--- RECORDS PROVIDED ---

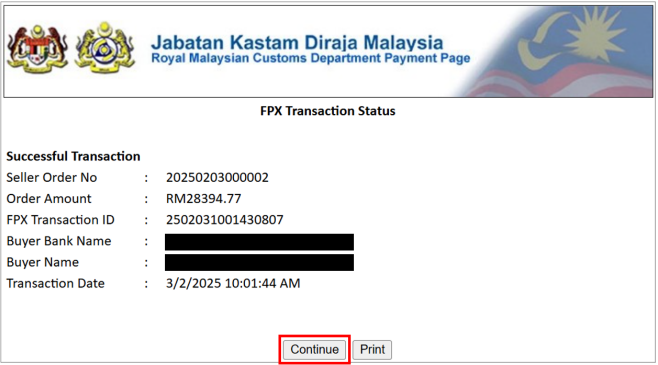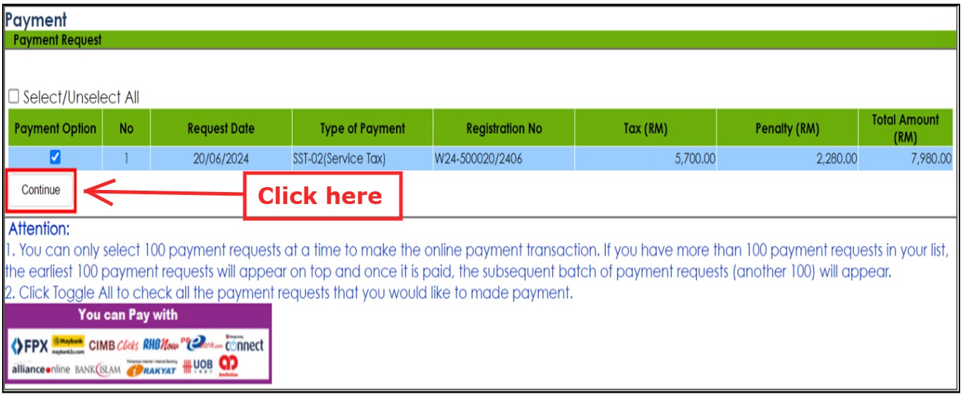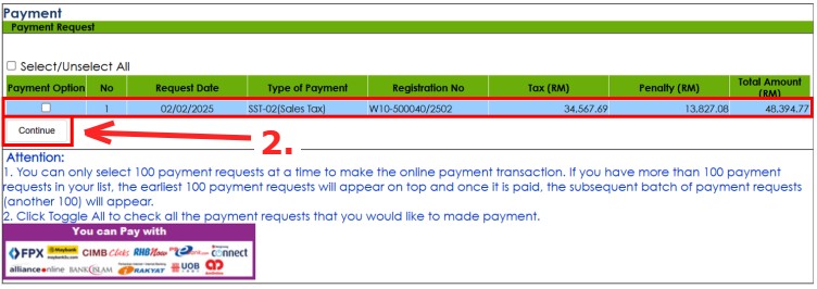 Tick on checkbox of selected payment option. Then, click “Continue” (2)
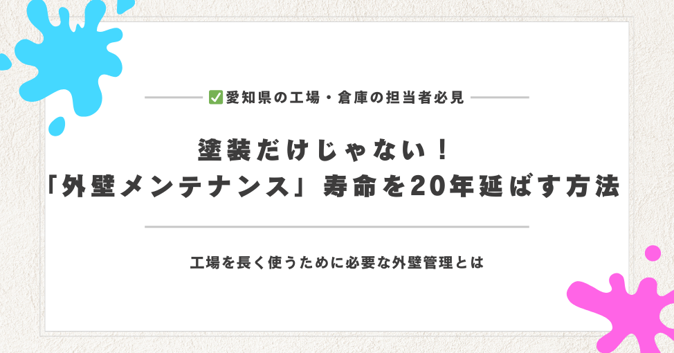 この記事では、愛知県で工場塗装・外壁塗装を検討している方に向けて、工場の寿命を20年延ばす外壁メンテナンスの考え方と、工場塗装に失敗しないための3つのチェックポイントを分かりやすく解説します。
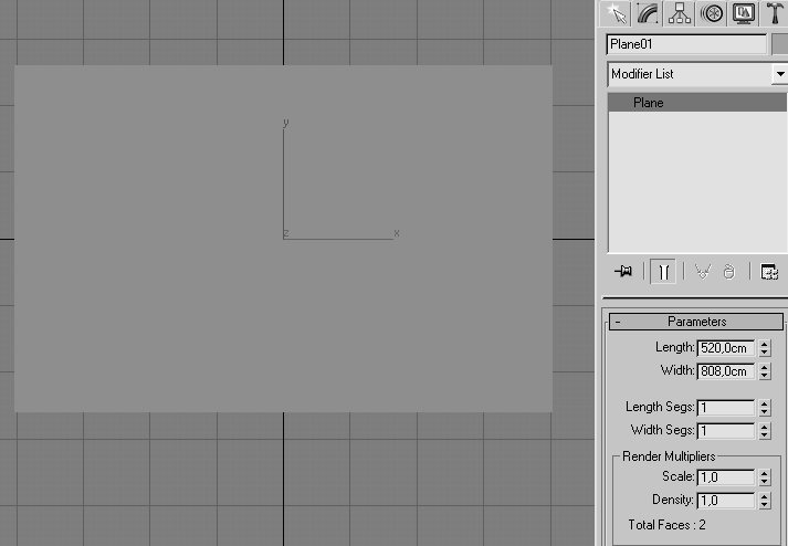 1. Откройте программу 3ds Max 2009, загрузите файл Index.max. Сразу пересохраните файл как Walls_project1.max в папку Models каталога Ar-deco_apartment_project. Перейдите в видовое окно Top (Вид сверху). Щелкните правой кнопкой мыши на названии окна и из контекстного меню выберите тип отображения объектов Smooth + Highlights (Сглаживание + Световые блики). На командной панели Create (Создать) нажмите кнопку Geometry (Геометрия), выберите из списка Standard Primitives (Стандартные примитивы), в свитке Object Type (Тип объекта) нажмите кнопку Plane (Плоскость). В окне вида Top (Сверху) путем нажатия левой кнопки мыши и растягивания создайте плоскость по размеру будущего помещения Length (Длина) – 520 см, Width (Ширина) – 808 см. Перейдите в панель модификации и установите для плоскости один сегмент по длине и ширине (рис. 2.42), а также отредактируйте размеры до нужных. Расположите объект в точке с координатами (0, 0, 0).
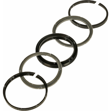 Zestaw uszczelnień tłoka dwustronnego działania składa się z elastomerowej części uszczelniającej, 2x przeciwdziałających wyciskaniu i 2x kątowych pierścieni prowadzących.
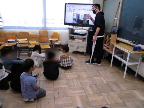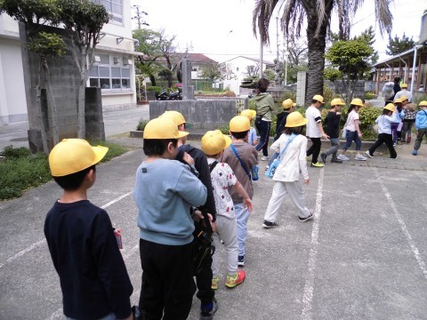 まず朝の会をした後に,道を歩くときのルール確認をしました。
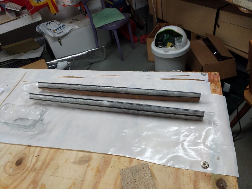 Die Vorder- und Endkanten werden zurechtgeschliffen und beim Zusammenkleben mit Epoxy gleich mit Glasfasern verstärkt.
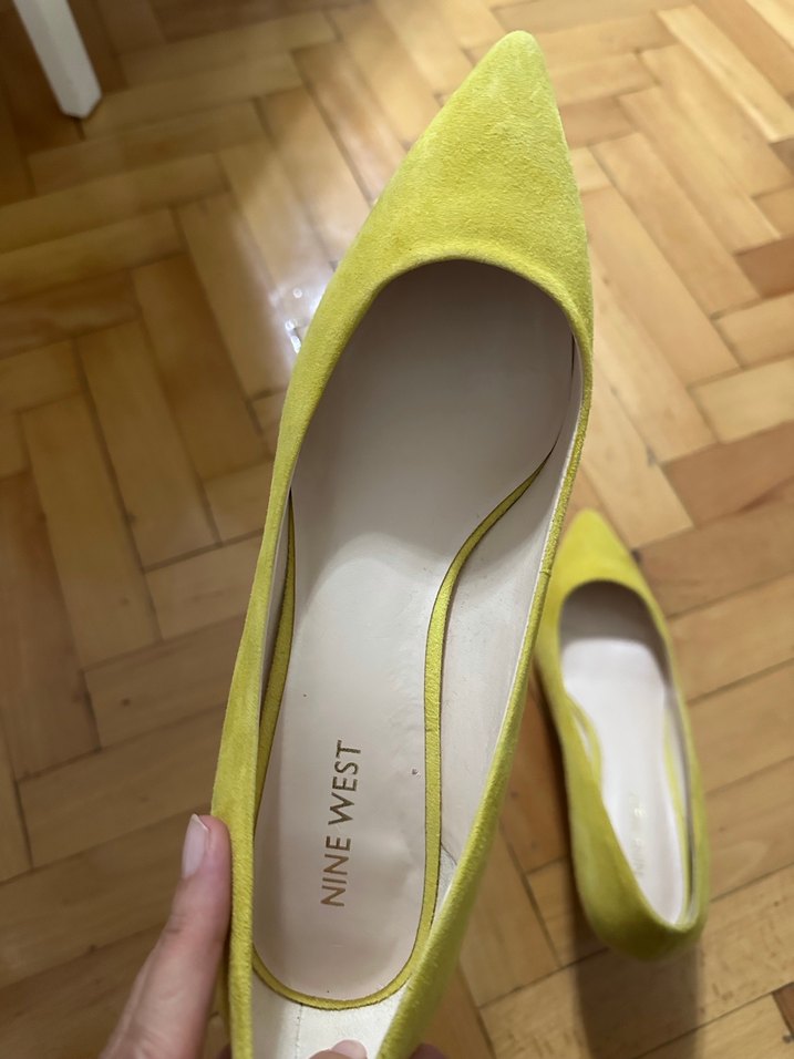 Nine West markalı sarı süet kadın dolgu topuk stiletto. Minimalist, desensiz tasarım günlük kullanım için zahmetsiz şıklık sunar.
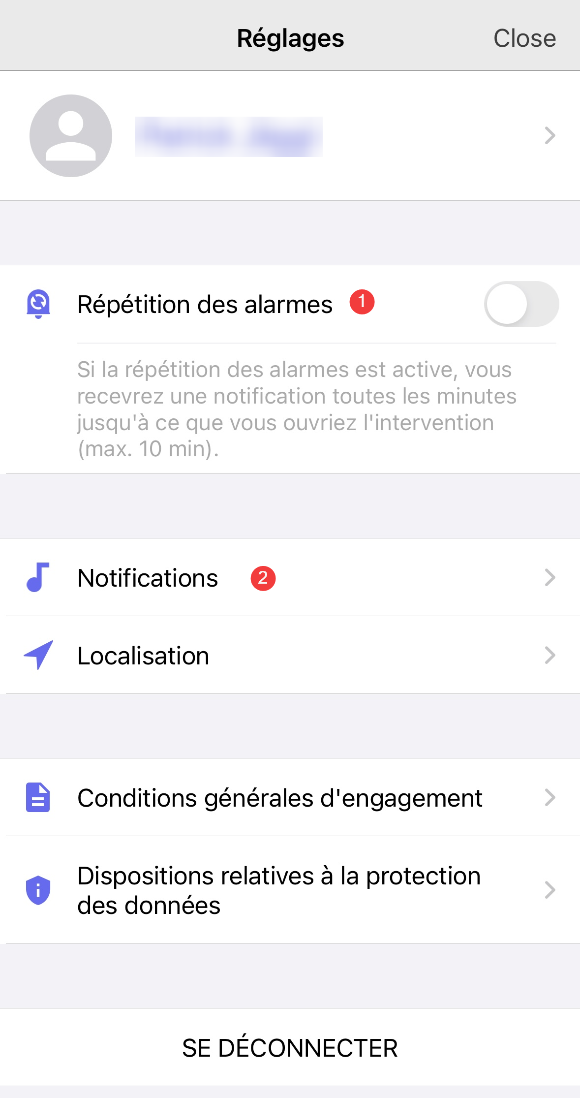 En plus des réglages sur votre appareil iOS, vous pouvez également ajuster les notifications dans l'application elle-même dans votre profil.
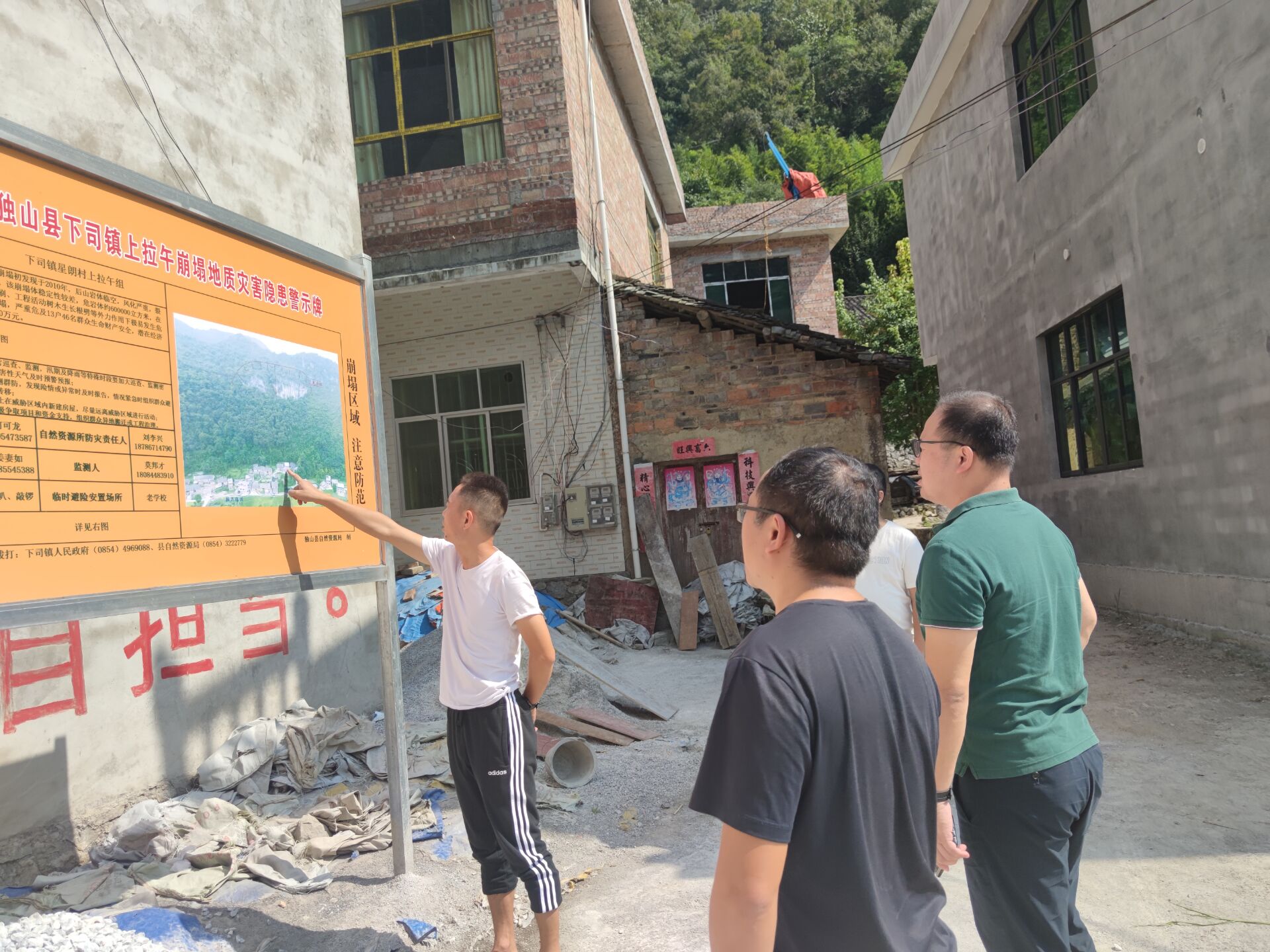 当天上午,检查组一行到下司镇董汪崩塌及上拉午崩塌点检查地质灾害防治工作。县自然资源局地灾办、104地质队驻县技术保障组等相关人员陪同检查。检查组详细询问了各处地灾的规模、危害程度、监测手段及防治措施。下午,检查组在独山县自然资源局召开座谈会,104地质队驻县人员对独山县的地灾排查及防治工作、协助抢险救灾等情况做了详细汇报。
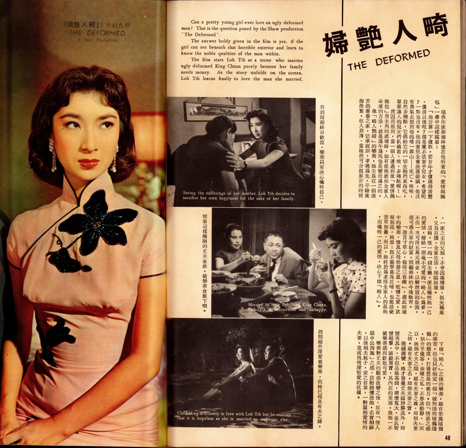 The film stars Loh Tih as a nurse who marries ugly deformed King Chuan purely because her family needs money. As the story unfolds on the screen, Loh Tih learns finally to love the man she married.
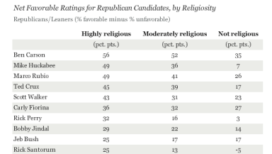 "No sign here of any special appeal on the part of Trump to highly religious Republicans," says Frank Newport in his Gallup opinion piece, noting that Carson's 56-point net favorable among the highly religious Republicans is more than two-and-a-half times higher than Trump's. Huckabee, a former Southern Baptist minister, is the most skewed toward the highly religious Republicans of any of the candidates.
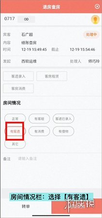 4、依據(jù)房間的實(shí)際狀況,要是發(fā)現(xiàn)有客人遺留的物品,需選擇“有客遺”選項(xiàng),且迅速提交查房信息。
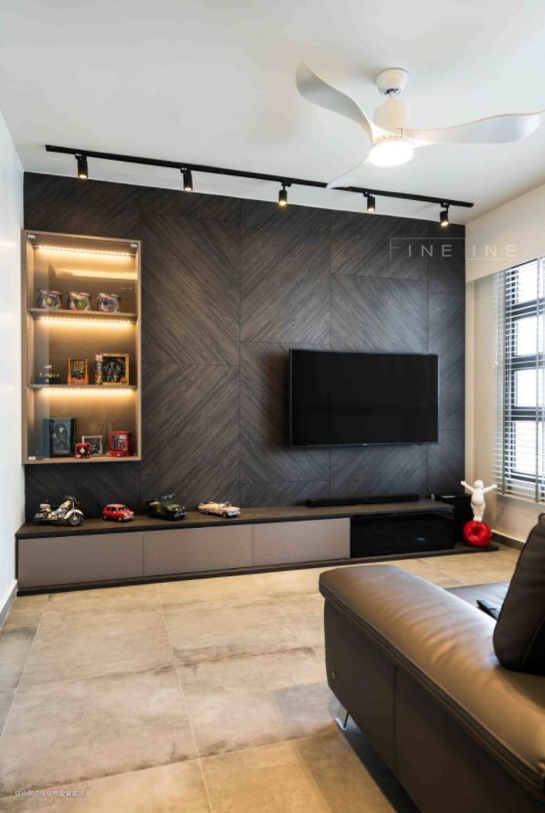 客厅这里我们定制了一块超大的实木背景墙,采用矩形拉丝花纹胡桃木进行不规则方式拼接,整体看起来设计感很强,侧边做镂空展示台,搭配灯带营造氛围,下方为半空式落地电视柜,香槟色的配色显得非常具有质感。电视背景墙上方用轨道射灯从不同角度营造光晕,体现墙面质感,中间用巨大的吊扇灯来提供照明和装饰。
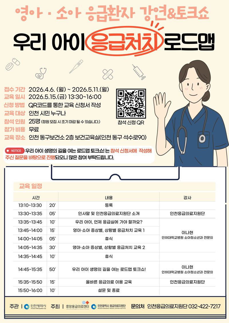 이번 강연은 인천시가 주최하고 인천응급의료지원단이 주관하며 응급의학과 또는 소아청소년과 전문의가 직접 강사로 나서 실생활에 필요한 응급의료 정보를 시민들에게 전달한다.
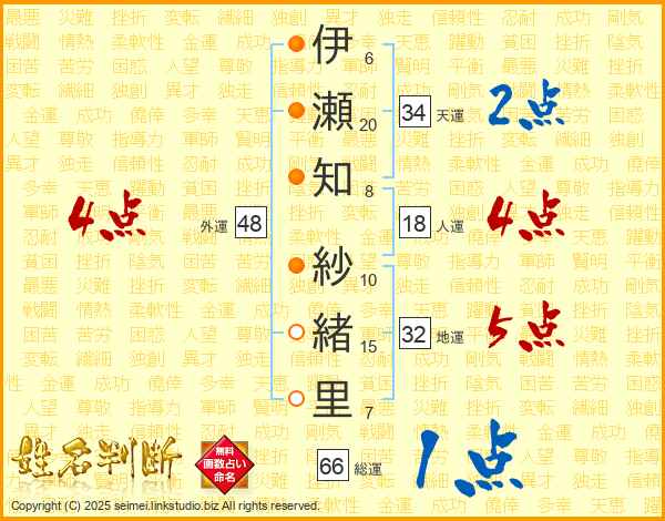 伊(6画)瀬(20画)知(8画) 紗(10画)緒(15画)里(7画)
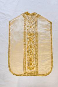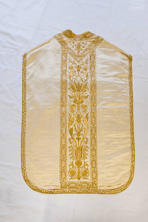 Paramento liturgico in raso bianco. Il disegno, eseguito a ricamo in oro filato, oro laminato e oro riccio con applicazione di paillettes dorate, si snoda dal basso verso l'alto con coppie di tralci affrontati che allargandosi e ricongiugendosi danno origine a foglie d'acanto, girali terminanti in corolle fiorite, volute e mazzi di spighe di grano. I bordi sono rifiniti da fregi geometrici dorati caratterizzati da maglie esagonali congiunte da piccoli nastri che visivamente sostituiscono l'applicazione del gallone.
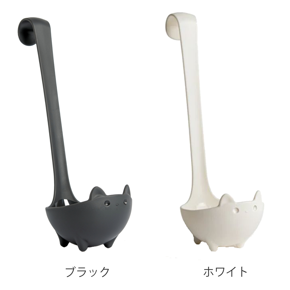 ピンとのびたシッポが自慢の猫ちゃんお玉遊び心あふれる、機能的な黒猫・白猫のお玉です。つぶらな瞳や、短い脚、丸いフォルムがとても愛らしく、癒されます。丸く深さがあるので、スープや食材を一度にたっぷりすくうことができます。
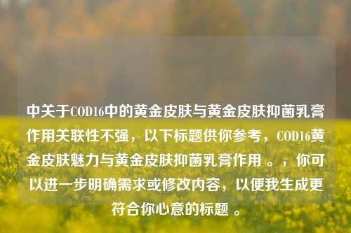 似乎存在混淆,前面说的是游戏《COD16》中的黄金皮肤,后面突然跳到黄金皮肤抑菌乳膏,两者关联性不大。,主要提及了《COD16》中的黄金皮肤,它具有闪耀战场的独特魅力,后面又出现了黄金皮肤抑菌乳膏,未明确阐述其与游戏黄金皮肤的具体联系,整体内容在逻辑上有些跳跃,可能需要进一步梳理两者关系,以便更清晰地理解所传达的信息,是分别介绍不同领域的“黄金皮肤”相关事物,还是存在某种特殊关联,目前难以确切判断。
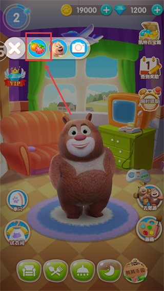 1、主界面點擊頂部的【水果圖標(biāo)】,進入對應(yīng)互動玩法,當(dāng)前持有【19000】金幣與【1200】鉆石。
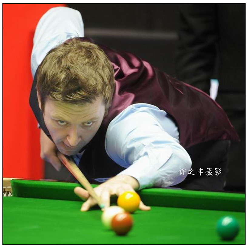 2014年4月2日,2014世界斯诺克中国公开赛第二轮的比赛,艾伯顿与特鲁姆普的比赛、肖国栋与沃顿、罗伯逊与威廉姆斯、迈克尔-怀特与希金斯、丁俊晖与塔猜亚、邦德与塞尔比在比赛中。工人日报-中工网记者许之丰摄影报道
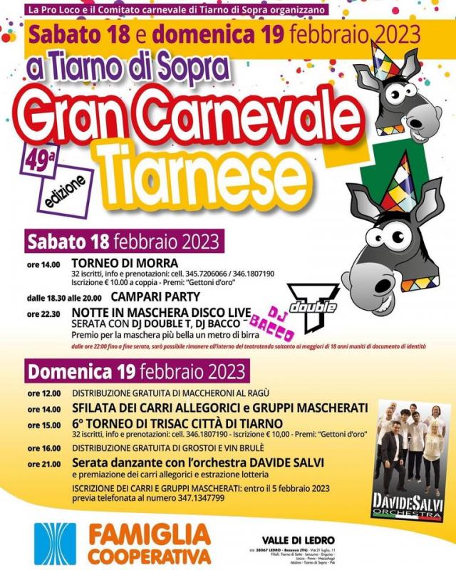 GRAN CARNEVALE TIARNESE 18 e 19 febbraio 2023
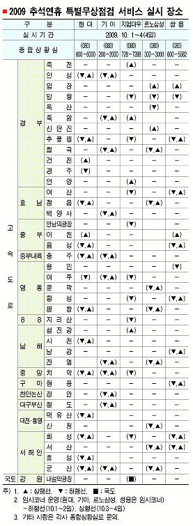 현대차는 다음달 1일부터 5일까지 투싼ix와 신형 쏘나타 등 300대를 공짜로 빌려주는 이벤트를 진행한다. 이달 28일까지 전국 주요 고속도로 화물 휴게소를 순회하는 화물차량 특별 무상점검 서비스도 실시한다. GM대우도 1일부터 5일까지 전국 고속도로 및 국도 휴게소 15개소에서 타이어 공기압 체크 등을 해주고 엔진오일과 냉각수 등 소모성 부품을 무상으로 교환 또는 보충해 준다. 르노삼성과 쌍용자동차 역시 1일부터 4일까지 각각 전국 7개와 8개 휴게소에서 차량 점검 서비스를 진행한다. 연휴 종합상황실 연락처는 ▲현대차 080-600-6000 ▲기아차 080-200-2000 ▲GM대우 080-728-7288 ▲쌍용차 080-600-5582 ▲르노삼성차 080-300-3000 등이다.

---

=== DIRECTIONS FOR THIS TASK ===
Repeat only the stretch of data above that runs from the line with "当天上午,检查组一行到下司镇" to the line with "The film stars". Keep both end lines; exclude pictures.

=== OUTPUT OF THE TASK ===
 当天上午,检查组一行到下司镇董汪崩塌及上拉午崩塌点检查地质灾害防治工作。县自然资源局地灾办、104地质队驻县技术保障组等相关人员陪同检查。检查组详细询问了各处地灾的规模、危害程度、监测手段及防治措施。下午,检查组在独山县自然资源局召开座谈会,104地质队驻县人员对独山县的地灾排查及防治工作、协助抢险救灾等情况做了详细汇报。
 The film stars Loh Tih as a nurse who marries ugly deformed King Chuan purely because her family needs money. As the story unfolds on the screen, Loh Tih learns finally to love the man she married.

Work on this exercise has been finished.